Dans chaque département français, un "GED" se réunira cette semaine. L'acronyme désigne un rouage essentiel de la prévention des actions terroristes : les groupements d'évaluation de la radicalisation. Après les attaques de Carcassonne et de Trèbes, perpétrées par un individu fiché "S" et inscrit au fichier des signalements pour la prévention et la radicalisation à caractère terroriste (FSPRT), Emmanuel Macron a demandé à chaque préfet de convoquer "sa" cellule de suivi des individus radicalisés.

Repérés ou signalés au numéro vert. Que sait-on de ces GED ? Créés par Bernard Cazeneuve au lendemain des attentats du 13-Novembre, ils ont pour but de resserrer les mailles du filet au maximum, afin de réduire le risque qu'un individu échappe à la surveillance. Comment ? En recensant, département par département, toutes les personnes potentiellement radicalisées. Celles-ci peuvent être signalées par un coup de fil  au numéro vert mis en place par le gouvernement, par exemple, ou, dans la majorité des cas, repérées par les services de renseignement eux-mêmes : un individu dont la pratique religieuse s'intensifie subitement, ou qui se rapproche de milieux connus comme radicaux, par exemple.

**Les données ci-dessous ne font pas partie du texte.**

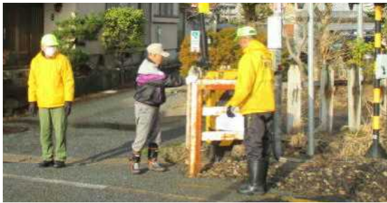
★下金川地区の下金川踏切付近にて

冬休み明け前に、学校とPTA 校外生活指導部、くじっこ見守り隊の皆さんと一緒に主要な通学路の点検を行いました。学校を起点に、下金川から上金川、比詰餅ヶ沢までのコースと住吉町から曙町、緑ヶ丘までのコースに分かれました。積雪の少ない状況でしたが、例年、除雪車による除排雪が多く積もる所や滑りやすい所などを確認しながら進めました。さらに、別の日には、下金川地区の見守り隊員の皆様による、県道脇の通学路、行っただけ、近を中心とした点検を行いました。ありがとうございました。保護者、地域の皆様には、今後とも安全な登下校のためにご協力をお願いいたします。◆見守り隊員や学校ボランティアの方々から、子どもたちに多くの年賀状をいただきました。ありがとうございました。
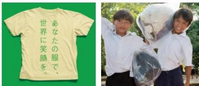
【「&EARTH 教室衣料回収プロジェクト」イメージ】

Chaque nouvel individu est ensuite évalué par le GED, qui doit déterminer son niveau de dangerosité à différents niveaux. Pour cela, la cellule est composée à la fois du préfet et du procureur, mais aussi des renseignements territoriaux, de la DGSI, des forces de l'ordre et des services sociaux et pénitentiaires. À l'issue du premier examen d'un dossier, le groupe décide du service qui "pilote" le suivi : dans le cas de Radouane Lakdim, cas pris au sérieux par le GED, il s'agissait de la DGSI.

Des dossiers en "veille". Mais le rôle du groupement d'évaluation de la radicalisation ne se limite pas à cette mission. Selon les départements, la structure se réunit une à deux fois par semaine pour revenir sur chacun des dossiers du département. Leur nombre varie considérablement d'un territoire à l'autre, et seule une petite partie fait l'objet d'une surveillance quotidienne. Dans l'Eure, en 2016, 40 personnes étaient par exemple "signalées", pour seulement cinq suivies de près par les services de renseignement.

Ces réunions permettent également de revenir sur l'évaluation pour s'adapter à un changement de comportement d'une personne suivie : la surveillance peut être renforcée en cas d'évolution suspecte, ou mise "en veille" si plus aucun élément n'inquiète les autorités. Comme le notait un rapport d'information sénatorial en 2017, la présence des représentants des collectivités, comme les maires de petites communes, peut permettre de repérer des "signaux faibles" de radicalisation, qui ont pu échapper aux services de renseignement : un retrait des enfants de la cantine ou un changement de décoration du domicile, par exemple. À noter que le GED n'est chargé que du suivi de la radicalisation, une autre cellule à vocation sociale s'occupant, selon les cas, de l'accompagnement des individus signalés et de leurs familles.  

Concernant le terroriste de l'Aude, aucun élément ne laissait présager l'imminence d'un passage à l'acte, selon le procureur de Paris François Molins. Pas encore "en veille", le dossier ne faisait pas partie des priorités absolues du GED. C'est probablement pour s'assurer de l'absence de signe précurseur que la DGSI souhaitait rencontrer Radouane Lakdim :  une lettre de convocation à un entretien d'évaluation lui avait été adressée en mars.